Safety and Public Perception

While Ammonia has strong potential, there are some cons due to safety concerns and public perception. Despite its century-long use in the fertilizer industry, the public remains wary of its large-scale application in the energy sector. Incidents in the past have eroded trust.

For example, a 2004 incident in Kingman, Kansas, involved an ammonia release that caused significant environmental damage, although no human casualties were reported. More recently, a 2022 train derailment in Europe led to over 50 hospitalizations and two fatalities, highlighting the risks associated with ammonia transport. Cases like these have created more fear in the public, leading to protests against ammonia transport, as well as resistance from authorities who no longer want to even consider ammonia in energy transition. All in all, there is a pressing need to restore confidence through transparent safety practices and effective risk communication.

The Risks of Ammonia and Hydrogen

Both ammonia and hydrogen pose significant risks that must be carefully managed. Ammonia is acutely toxic, corrosive to the eyes and skin, and has a high potential for causing frostbite due to its cryogenic nature. Its toxic clouds can travel several kilometers, making accidental releases particularly hazardous to nearby populations and environments.

Hydrogen, on the other hand, is highly flammable and has a very low ignition energy. It can explode over a wide concentration range (LEL of 4% to UEL of 77%), making it extremely dangerous in confined spaces. The Hindenburg disaster in 1937 is a stark reminder of hydrogen's explosive potential.

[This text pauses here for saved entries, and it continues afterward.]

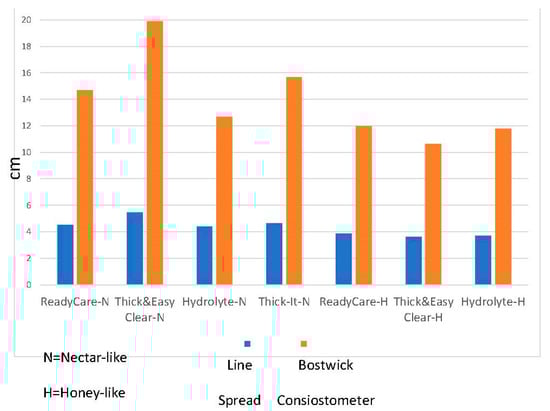 Physical flow data were collected to be compared with the sensory thickness data. Mean values for line spread were less than 4.0 for honey-thick samples and approximately 5 for nectar-like thickness (Figure 4), with standards deviations (SD) less than 0.2 for all samples. Similarly, mean values for Bostwick flow distances were 12–20 for nectar-like samples and 10–12 for honey-like samples with SD less than 0.6 for all samples except Hydrolyte nectar, which was 1.6. The flow (centimeters) measured with the Bostwick test and the LST were positively correlated (r = 0.97, p < 0.05) and both, as expected, were inversely correlated with viscosity scores from the descriptive panel (Bostwick, r = −0.81, p < 0.05 and line spread, r = −0.85, p < 0.05). The results clearly show that as flow distance increased, as measured by the physical measurements, sensory viscosity scores decreased. That is, the thinnest products measured instrumentally were also the thinnest products as measured sensorially. This suggests that for thickened liquids, the measurement of human perceived viscosity can be closely estimated using simple tools that measure flow. In addition, because many of the measurements associated with texture of liquids correlate highly with viscosity as shown in this study and in prior research [20] many other textural characteristics can be estimated using the same tools.
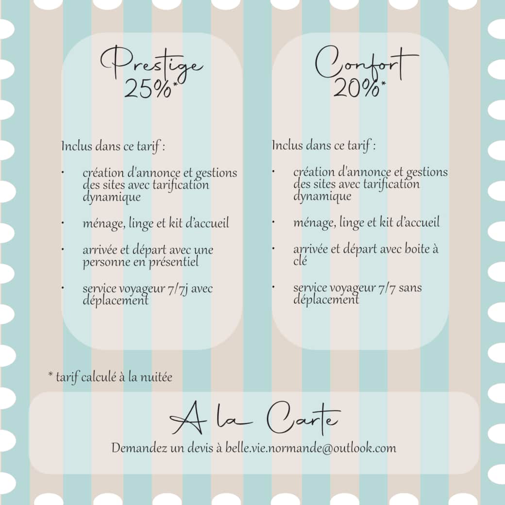 Belle Vie Normande vous propose trois formules simples et transparentes pour gérer votre location saisonnière : Prestige, Confort et A la Carte.
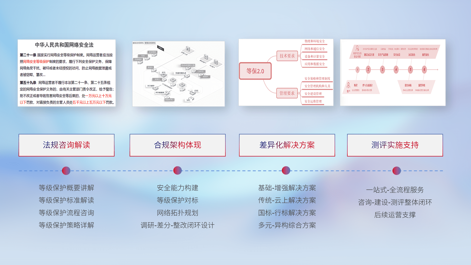 通过专业的法律咨询解读、、合规架构体现、、、、差异化解决方案、、、、测试实施支持等服务,,,,为客户量身打造等保合规体系。。。。

Additionally, hydrogen flames are invisible, posing a risk of undetected exposure to workers who may not even realize a flame is there. For example, a hydrogen explosion at a facility in Waukegan, IL in 2018, resulted in four fatalities and multiple other serious injuries. This is another case that highlights the risks of hydrogen use that must be managed to prevent similar tragedies.

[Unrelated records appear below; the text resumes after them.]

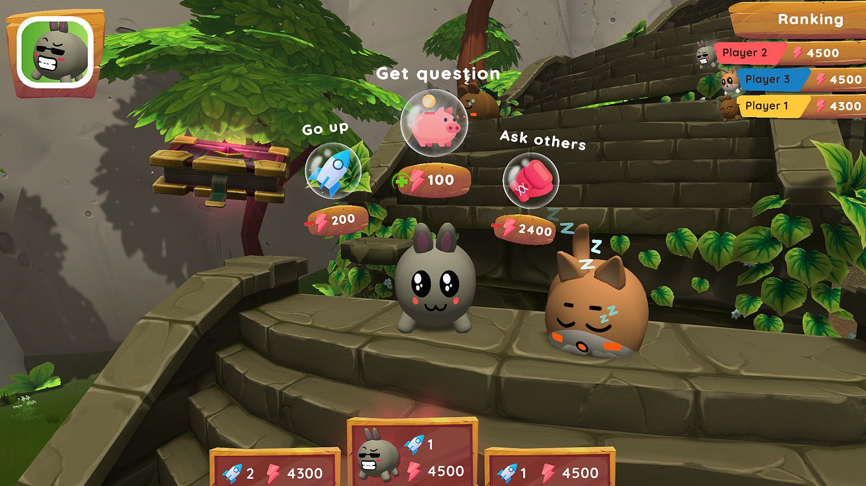 Gather points by answering increasingly difficult questions correctly. Then use these points to ascend to the top or hinder the progress of others!Sometimes minigames will appear that every noodle will participate in and can score additional points.
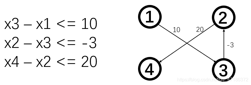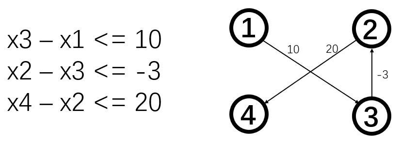 \(x_i\) - \(x_j\) <= k(i,j∈[1,n]),则成为差分约束系统。
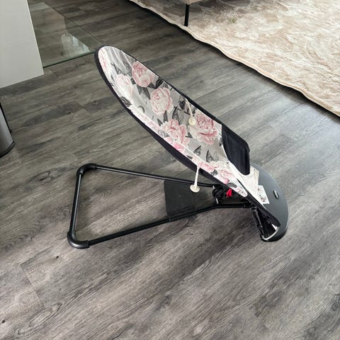 Babybjörn lasten keinu, jossa musta ja harmaa kangaspäällinen.
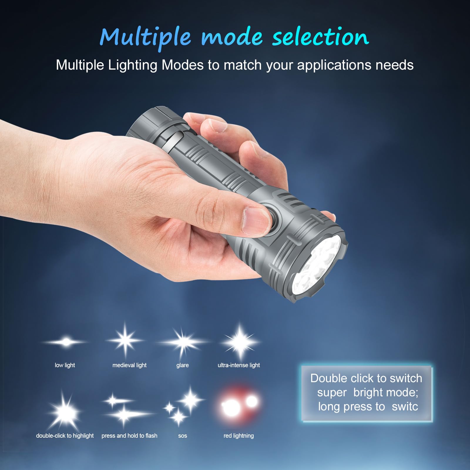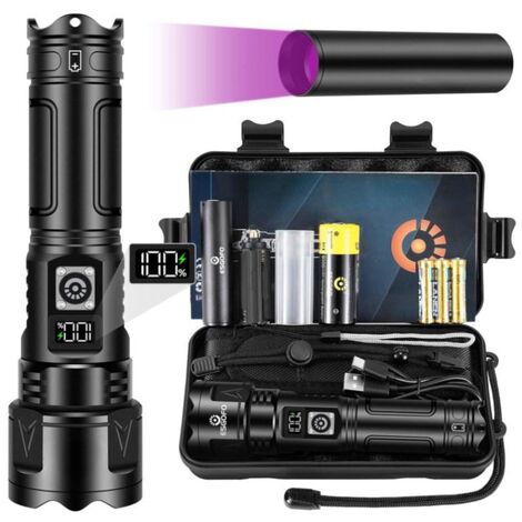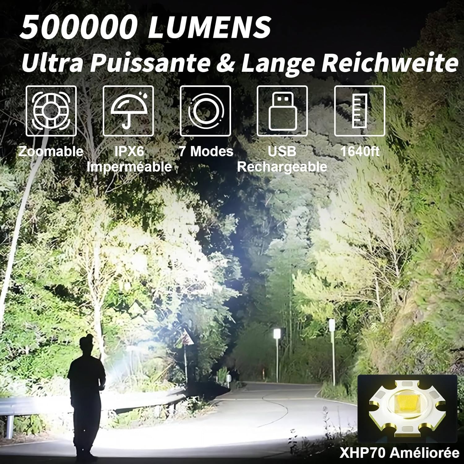 💡【Lampe Torche LED Ultra-Puissante】: Cette lampe torche led rechargeable utilise une puce LED XHP70., 2 avancée, offrant des performances stables et une luminosité extrême, 10 fois supérieure aux lampes torches traditionnelles. Laser Puissant Lampe Torche LED Ultra Puissante, 500000 Lumens Lampe De Torche Extérieur Camping Cette lampe torche puissante rechargeable est conçue pour le plein air, idéale pour promener son chien, le camping ou la course. De plus, cette lampe torche rechargeable peut recharger votre téléphone lors de pannes ou d'urgences. Des joints étanches en caoutchouc protègent efficacement contre la pluie ou la neige. (lampe torche ultra puissante, flashlight) Lampe Torche Ultra Puissante LED 500000 Lumens Batterie 5000mah 5 Modes Usb C Ip65 Etanche Zoom Item 14163716 La conception à zoom variable vous permet d'ajuster librement la focale, pour un éclairage focalisé à distance ou une illumination large de proximité, répondant facilement aux besoins de différents scénarios. Une pression rapide rallume automatiquement dans le dernier mode utilisé. L'ensemble comprend : 1 X Lampe torche 3 X Piles AAA 1 X Support de piles 1 X Tube en plastique (adaptateur) 1 X Câble de charge USB-C 1 X Étui de protection 1 X Dragonne 1 X Manuel d'utilisation 1 X Boîte de rangement 💡【Robuste et Durable】: Le boîtier en aluminium aéronautique résiste aux rayures, chocs et impacts, survivant même à un écrasement par véhicule. (lampe puissante, lampe de poche puissante) Cette lampe torche LED ultra-puissante utilise une puce LED XHP70.2, offrant une luminosité 10 fois supérieure aux lampes torches traditionnelles, elle éclaire facilement une pièce entière ou une route, répondant à vos besoins quotidiens en éclairage. LUMINOSITÉ INCROYABLE ET PUCE LED AMÉLIORÉE - équipée de la... NXPZ Lape Torche LED Ultra Puissante, 500000 Luen Lape De Poche... Elle propose 5 modes d'éclairage (Haut, Moyen, Bas, Stroboscopique, SOS), une opération simple avec commande par bouton unique, maintenez le bouton enfoncé pendant 3 secondes pour éteindre la lumière, sans avoir à parcourir tous les modes, utilisation pratique. L'écran LCD d'affichage de la batterie indique en temps réel la charge restante, évite les coupures intempestives, prend en charge la charge USB, et peut fournir une charge d'urgence à votre téléphone en cas d'urgence, améliorant l'aspect pratique. 💡【Affichage LCD et Recharge USB】: Rechargeable via tout adaptateur avec port USB. Cette lampe torche LED ultra-puissante utilise une puce LED XHP70., 2, offrant une luminosité 10 fois supérieure aux lampes torches traditionnelles, elle éclaire facilement une pièce entière ou une route, répondant à vos besoins quotidiens en éclairage.
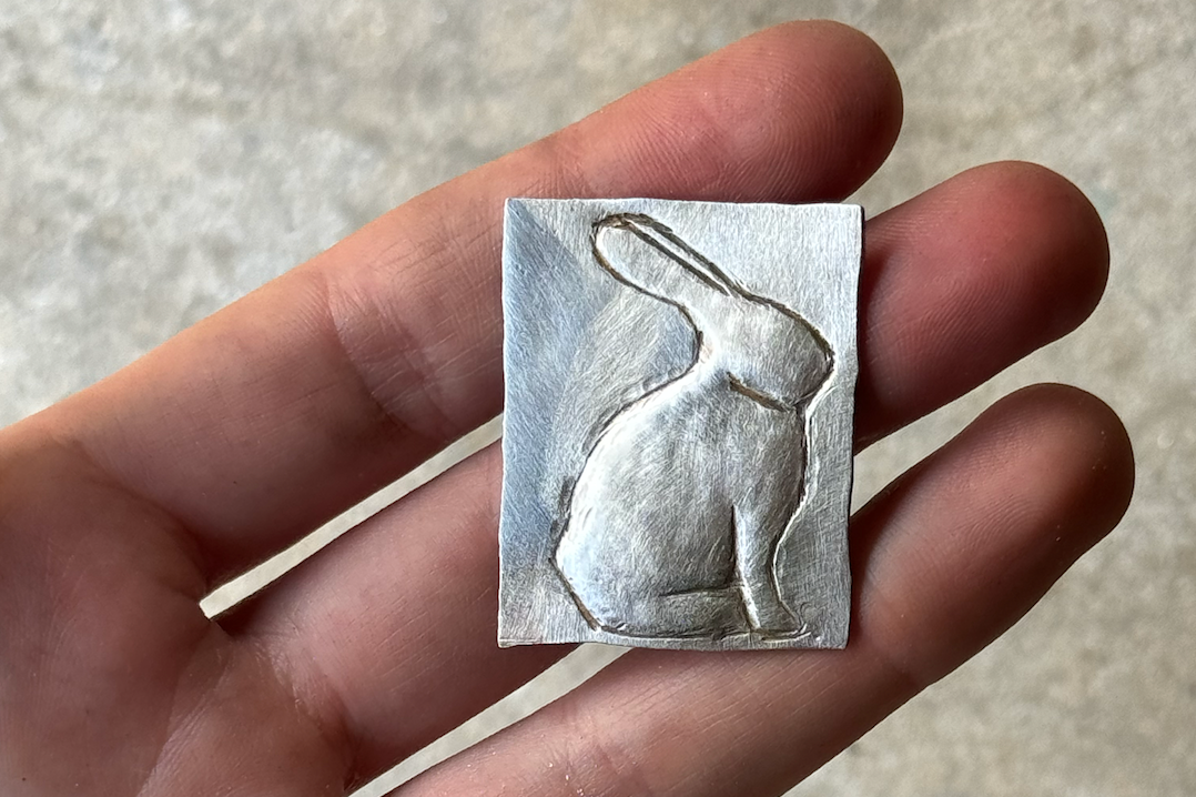 Image 1 of 2 Image 2 of 2 double bunny pendant $300.00 Add To Cart Added! hand wrought bunny form on one side, “BUNNY” on the other. sterling silver.contact me to add a chain for $200NCP2503 hand wrought bunny form on one side, “BUNNY” on the other. sterling silver.contact me to add a chain for $200NCP2503
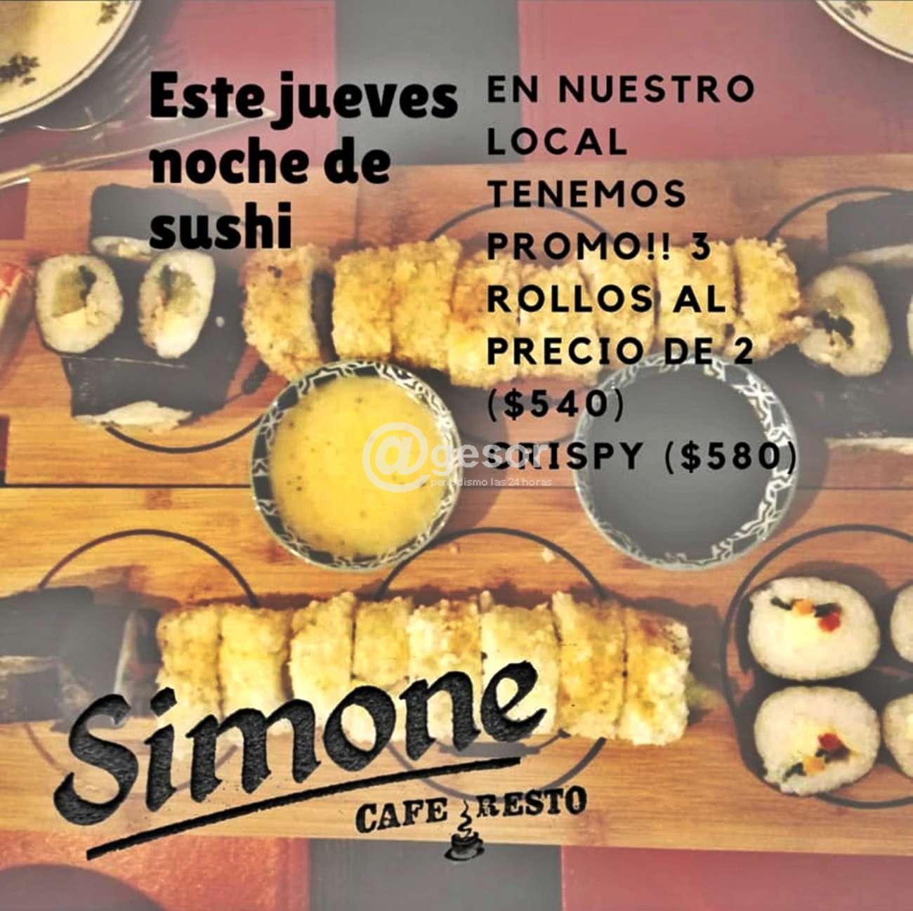 Este jueves la ya tradicional noche de SUSHI en SIMONE Café & Resto, en el local de avda. Lavalleja y Sánchez de Mercedes, allí te ofrecemos promo especial de tres rollos al precio de dos ($ 540) y Crispy ($ 580). Te esperamos este jueves en SIMONE para compartir otra noche de jueves con el tradicional SUSHI y la cálida atención de Verónica y su equipo.

Regulatory Frameworks and Best Practices

The successful implementation of ammonia in the energy transition hinges on stringent regulatory frameworks and adherence to best practices. In the Netherlands, new guidelines such as the PGS12 for large-scale ammonia storage emphasize prevention over mitigation. These guidelines, aimed at ensuring high safety standards, could serve as models for global implementation.

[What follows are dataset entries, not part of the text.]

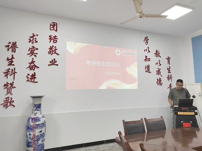 本网讯(文图/崇小芳)为助力考研学子明确考研方向,明晰报考思路,提升学生考研成功率,9月28日,生命科学学院在学院会议室召开2023届研究生报名培训会,会议采用线上线下相结合的方式进行。生科学院党委副书记包天骏、学院博士郑慧芳、分团委书记方丽、辅导员曹力欢、2018级毕业生骆佳丽及2023届考研学生参加此次培训会。
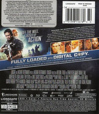 Gerard Butler stars as Kable, condemned criminal and globally famous super-soldier in the ultimate multiplayer game, Slayers. Human controllers direct each thought and move of real-life prison inmates battling in hyper-intense environments - where the goal is freedom and the penalty is death. But when Kable suddenly decides he wants out, his rebellion threatens the twisted plans of game creator Ken Castle (Michael C. Hall, TV's Dexter) who will stop at nothing to crush the renegade commando in this taut, adrenaline-packed action-thriller. |
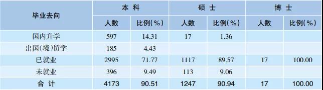 在1247名碩士研究生中,國內升學17人,占碩士畢業生人數的1.36%;通過各種方式就業1117人,占碩士畢業生人數的89.57%,就業率為90.94%。

In the US, approximately 85% of anhydrous ammonia is used as fertilizer in the agriculture industry. The next largest usage is as a refrigerant to seal systems for keeping food frozen. As such, the U.S. has some regulations in place such as OSHA's Process Safety Management (PSM) standard and the EPA's Risk Management Plan (RMP) rule. These frameworks mandate comprehensive safety measures for handling hazardous substances like anhydrous ammonia and hydrogen.

Moving Forward

Both anhydrous ammonia and hydrogen have been integral to industrial processes for over a century. Their safe usage is governed by well-established regulations and industry standards. However, given their inherent hazards, maintaining high levels of risk management is crucial. One incident is too many, and the goal should always be zero incidents.

In conclusion, ammonia holds great promise as a hydrogen carrier in the global energy transition. However, its potential can only be fully realized through rigorous safety practices, robust regulatory frameworks, and effective public engagement. By learning from past experiences and adopting best practices, we can harness the benefits of ammonia while ensuring a safe and sustainable energy future.